In the spring of 1990, Stevie recorded the album Family Style with his brother Jimmie, which was scheduled for release in the autumn of that year.

In the late summer of 1990, Stevie and Double Trouble set out on an American headlining tour, with Joe Cocker. The highlight of the tour was two nights with Eric Clapton, Jimmy Vaughan, Buddy Guy and Robert Cray at Alpine Valley, East Troy, Wisconsin on 25th and 26th August 1990.

After the second show, which climaxed with an encore of Sweet Home Chicago, with everybody on stage, most of the entourage headed to board four chartered helicopters to take them back to the Windy City and a good night’s rest. Clapton recalls how foggy the early morning of August 27 was.

“I didn’t want to fly at all. I was wiping condensation off the windows and thinking: ‘We’re all gonna die.’ Then they took off and above the weather was clear sky and starlight."

Stevie was on a flight with three of Clapton’s crew. In the early hours it was reported they never landed in Chicago. In fact their pilot had taken off and crashed into a ski run on the side of a mountain after 42 seconds. He was only 35 years old.

When Jimmie Vaughan went to identify Stevie’s body he had to so by recognising his distinctive silver jewellery.”

Shannon and Layton sat in their hotel room and wept. They’d gone into Stevie’s room hoping he’d be there, but the bed was still made with chocolates on the counterpane and the alarm radio was playing The Eagles’ Peaceful, Easy Feeling.

A strange thing happened at that last gig. Those who knew Stevie said he played with a halo of light around him. His guitar tech Rene Martinez remembered him giving everyone a huge hug and telling them how much he loved them. He had an aura about him, like a premonition.

At Stevie’s funeral the mourners included Stevie Wonder and Dr John, who sang "Amazing Grace" and "Ave Maria" while Jackson Browne, Bonnie Raitt, Nile Rodgers, Eric Clapton and ZZ Top wept in the Laurel Land Memorial chapel. Stevie’s marble and bronze headstone simply gave his dates, his name and the inscription that says ‘Thank you… For all the love you passed our way.’

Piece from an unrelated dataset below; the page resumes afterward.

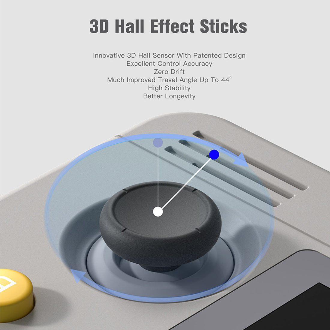 .3D Hall Joystick: Innovative 3D Hall sensor with patented design, providing exceptional control accuracy, zero drift, and a significantly improved maximum travel angle of up to 44° for high stability and durability.
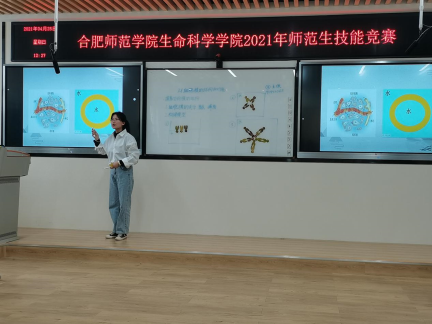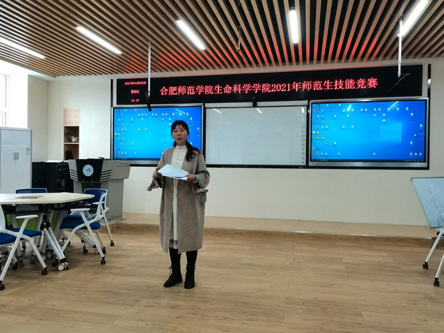 本网讯 为培养师范生的教学技能,增强教学实践能力。4月25日上午,388vip太阳集团生命科学学院2021年师范生技能竞赛在逸夫楼502室成功举办。参加本次比赛的共有15名同学,分别来自18、19级生物科学(师范)专业。本次活动由生物科学系主任孙娴主持,并邀请了合肥四十六中的周龙清老师、合肥一中的朱承慧老师担任此次评委。生命科学学院徐慧敏老师及部分学生观摩了本次竞赛活动。

Family Style, Stevie Ray's duet album with Jimmie, appeared in October and entered the charts at number seven. Family Style began a series of posthumous releases that were as popular as the albums Vaughan released during his lifetime. The Sky Is Crying, a collection of studio outtakes compiled by Jimmie, was released in October of 1991; it entered the charts at number ten and went platinum three months after its release. In the Beginning, a recording of a Double Trouble concert in 1980, was released in the fall of 1992 and the compilation Greatest Hits was released in 1995. In 1999, Vaughan's original albums were remastered and reissued, with The Real Deal: Greatest Hits, Vol. 2 also appearing that year. 2000 saw the release of the four-disc box SRV, which concentrated heavily on outtakes, live performances, and rarities.